At the same time, consumers really do have power to change market through discerning purchases. While many doubt the effectiveness of avoiding meat, there is good reason to believe that markets really are responsive to consumer choices, even if those outcomes are not immediately visible to consumers. This means that consumers have substantial power to change what is produced and how it is produced.
What key issues need to be addressed in order to improve the lives of animals?
In order to make a real difference, we need to change the system from multiple angles. Consumers should be given better information so that their choices can be made on real moral criteria. Producers should be protected from the race-to-bottom that results from unregulated competition. Animal interests should be recognized in our property law, and enforceable in court. Even if we disagree about some of the hard ethical questions, we can still agree that there is a lot of room for real practical improvements in the way our economy is organized. The results, moreover, have the potential to substantially improve human health and the environment, giving us many reasons to pursue these changes.

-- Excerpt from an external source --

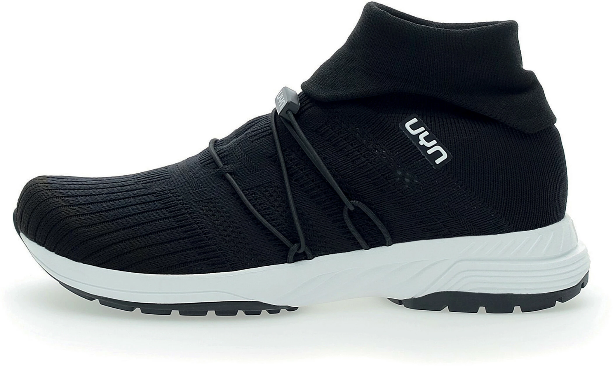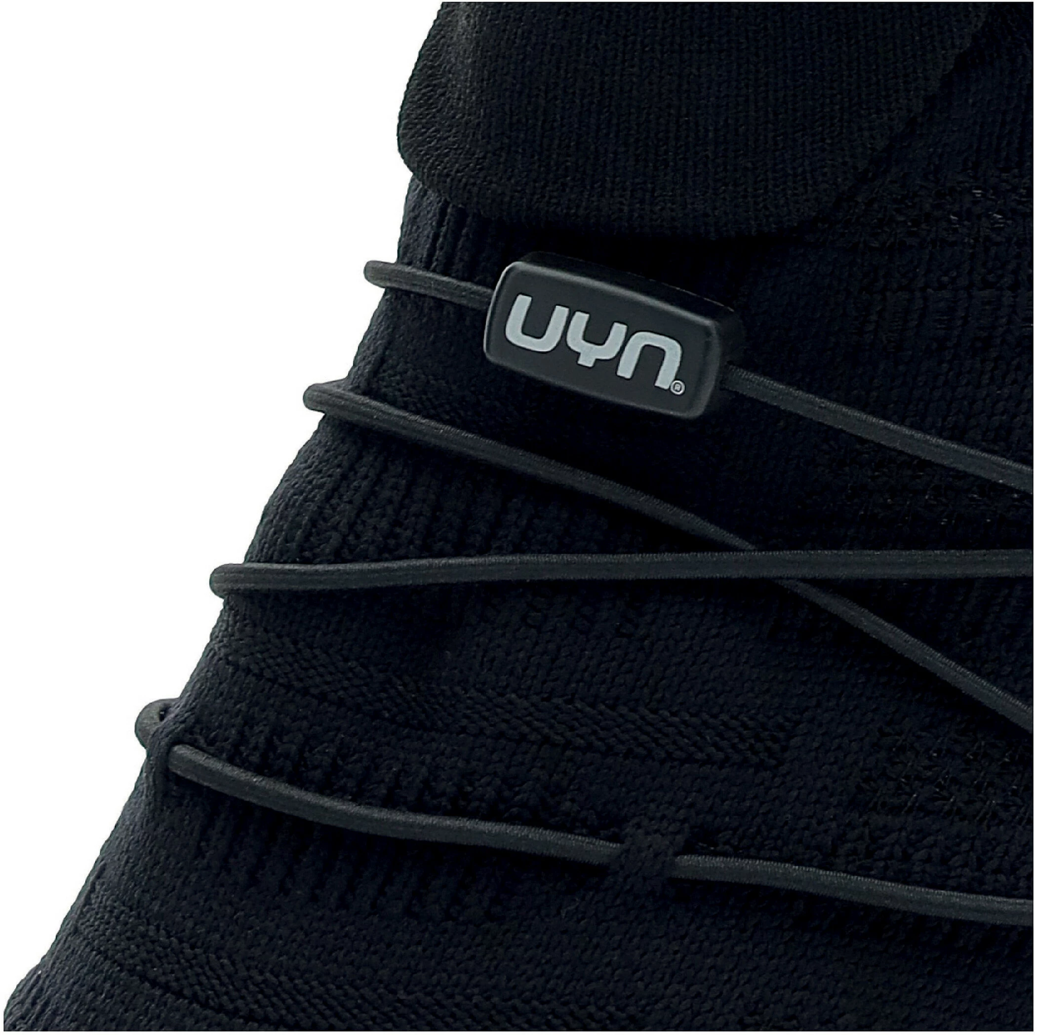 Het manchet is afgeleid van de structuur van de UYN sok, die altijd op zijn plaats blijft zonder beperkend aan te voelen. Hij kan hoog of opgevouwen worden gedragen, afhankelijk van persoonlijke stijl, outfit en gewenste mate van bescherming. De schoen past zich aan uw karakter aan, nooit andersom.

How can we as individuals begin to make a difference in our personal lives and communities?
While I often focus on public policy changes, individuals can make a big difference, at a local level, in two ways. First, we can avoid the markets that exploit animals. Even a partial switch away from animal products can have a real impact. Our economic culture makes it too easy to avoid the consequences of our purchases, but it is the choices of consumers that make it easy or difficult for farmers to innovate in ethical ways. The second thing we can do is to change the way we talk about policy. As long as animal interests are minimized as a private matter of conscience, we will not be able to confront the essential injustice of our current exploitative institutions. This means that we need to, as citizens, constantly question the public policy silence on animal ethics.
Steven McMullen is an assistant professor of economics at Hope College in Holland, MI. He does research on education policy, ethics in economics, and theology. He received his Ph.D. in Economics from the University of North Carolina at Chapel Hill in 2008, and then worked for six years at Calvin College.